Emergency measures to keep Britain’s food and drink industry afloat include stockpiling food ahead of 29 March 2019, the day the UK is scheduled to leave the European Union, according to pro-Brexit tabloid newspaper The Sun.
The ‘vote leave’ tabloid told its readers the government in London had drawn up secret plans to stockpile processed food in the instance the UK failed to reach an agreement with the EU. The squirrelling of food is, according to the newspaper, to show Brussels that ‘no deal is not a bluff.’ However it remains unclear what Brexit means when it comes to the logistics of importing and exporting goods from Europe.

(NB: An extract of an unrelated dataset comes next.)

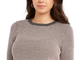 Suéter feminino Charter Club com estampa canelada, manga comprida, gola redonda, cinza, tamanho grande

Food and drink is the UK’s largest manufacturing sector with a turnover of over £90 billion (US$119 billion) and employs more than 400,000 workers, representing 15 percent of the total manufacturing workforce in the UK, according to the government.
Meanwhile an article published by London newspaper Financial Times in December 2017 suggested British businesses “are clamouring to stay under EU rules.”
“UK manufacturers will have to continue to make to whatever regulation applies in whichever market. The greater the variation, the greater the cost.” Mike Hawes, chief executive of the SMMT, the UK motor industry trade body told the FT.
The Chemical Industries Association recently wrote a letter to Michael Gove, then environment secretary, suggesting leaving the EU “would seriously bring into question 10 years of investment, as registrations and authorisations that permit access to the EU single market would suddenly become non-existent on exit day.”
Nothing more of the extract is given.